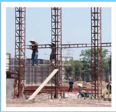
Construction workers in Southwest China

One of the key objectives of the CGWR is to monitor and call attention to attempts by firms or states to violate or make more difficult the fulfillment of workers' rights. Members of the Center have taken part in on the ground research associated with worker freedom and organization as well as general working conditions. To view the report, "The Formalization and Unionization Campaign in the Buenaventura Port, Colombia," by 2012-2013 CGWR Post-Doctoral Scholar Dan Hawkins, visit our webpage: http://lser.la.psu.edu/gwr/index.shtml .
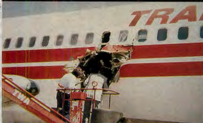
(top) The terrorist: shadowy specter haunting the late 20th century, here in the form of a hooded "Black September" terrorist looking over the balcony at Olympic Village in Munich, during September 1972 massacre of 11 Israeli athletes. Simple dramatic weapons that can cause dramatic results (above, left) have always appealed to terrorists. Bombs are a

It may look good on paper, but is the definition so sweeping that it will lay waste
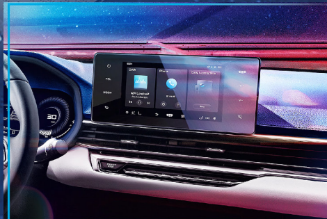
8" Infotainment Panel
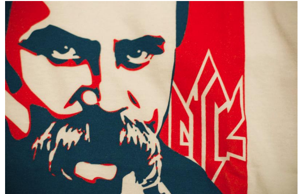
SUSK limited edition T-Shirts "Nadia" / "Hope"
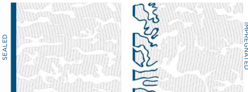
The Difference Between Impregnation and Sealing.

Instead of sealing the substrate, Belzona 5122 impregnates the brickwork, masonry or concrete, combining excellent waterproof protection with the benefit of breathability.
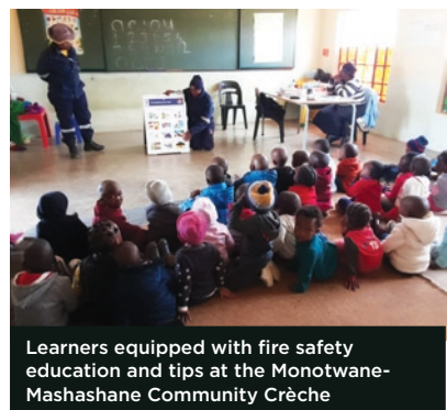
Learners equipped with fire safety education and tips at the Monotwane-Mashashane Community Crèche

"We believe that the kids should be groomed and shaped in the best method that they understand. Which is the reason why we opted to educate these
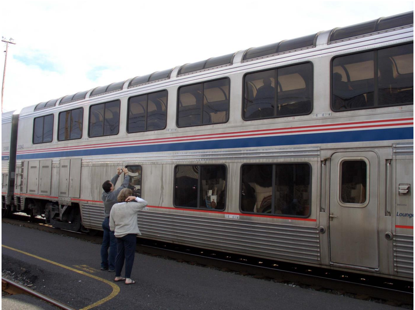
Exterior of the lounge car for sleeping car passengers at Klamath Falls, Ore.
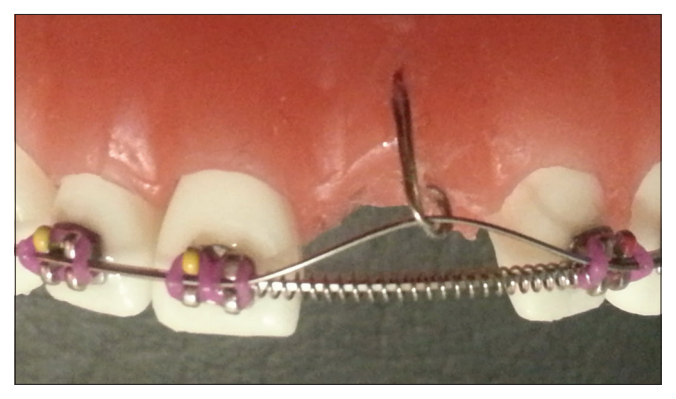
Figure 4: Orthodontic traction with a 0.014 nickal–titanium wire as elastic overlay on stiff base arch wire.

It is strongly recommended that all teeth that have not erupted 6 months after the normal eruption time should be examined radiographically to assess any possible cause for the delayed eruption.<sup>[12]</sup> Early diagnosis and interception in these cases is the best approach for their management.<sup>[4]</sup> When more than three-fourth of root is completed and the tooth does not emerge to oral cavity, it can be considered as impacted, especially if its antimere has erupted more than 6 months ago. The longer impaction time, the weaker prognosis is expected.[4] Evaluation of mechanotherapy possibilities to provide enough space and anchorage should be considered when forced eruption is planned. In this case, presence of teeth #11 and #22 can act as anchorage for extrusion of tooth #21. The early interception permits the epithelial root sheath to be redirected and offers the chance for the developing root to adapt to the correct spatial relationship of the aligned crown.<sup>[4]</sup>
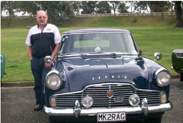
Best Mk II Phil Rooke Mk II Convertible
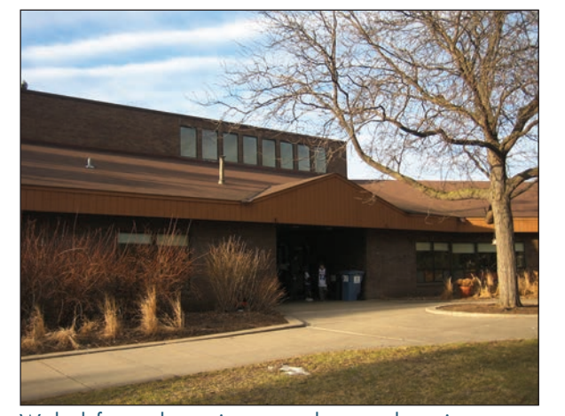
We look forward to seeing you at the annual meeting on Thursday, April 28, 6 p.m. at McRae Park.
+ + + + +
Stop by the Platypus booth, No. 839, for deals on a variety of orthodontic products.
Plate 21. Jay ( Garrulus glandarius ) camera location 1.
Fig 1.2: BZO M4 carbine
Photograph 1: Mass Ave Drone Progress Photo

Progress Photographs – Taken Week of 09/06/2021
+ + + + +
- **WHAT IS REQUIRED**
Copy exactly the lines of the entries above from the one containing "Construction workers in Southwest China" through the one containing "Exterior of the". Both end lines count; pictures do not.

- **RESPONSE TO THIS TASK**
Construction workers in Southwest China

One of the key objectives of the CGWR is to monitor and call attention to attempts by firms or states to violate or make more difficult the fulfillment of workers' rights. Members of the Center have taken part in on the ground research associated with worker freedom and organization as well as general working conditions. To view the report, "The Formalization and Unionization Campaign in the Buenaventura Port, Colombia," by 2012-2013 CGWR Post-Doctoral Scholar Dan Hawkins, visit our webpage: http://lser.la.psu.edu/gwr/index.shtml .
(top) The terrorist: shadowy specter haunting the late 20th century, here in the form of a hooded "Black September" terrorist looking over the balcony at Olympic Village in Munich, during September 1972 massacre of 11 Israeli athletes. Simple dramatic weapons that can cause dramatic results (above, left) have always appealed to terrorists. Bombs are a

It may look good on paper, but is the definition so sweeping that it will lay waste
8" Infotainment Panel
SUSK limited edition T-Shirts "Nadia" / "Hope"
The Difference Between Impregnation and Sealing.

Instead of sealing the substrate, Belzona 5122 impregnates the brickwork, masonry or concrete, combining excellent waterproof protection with the benefit of breathability.
Learners equipped with fire safety education and tips at the Monotwane-Mashashane Community Crèche

"We believe that the kids should be groomed and shaped in the best method that they understand. Which is the reason why we opted to educate these
Exterior of the lounge car for sleeping car passengers at Klamath Falls, Ore.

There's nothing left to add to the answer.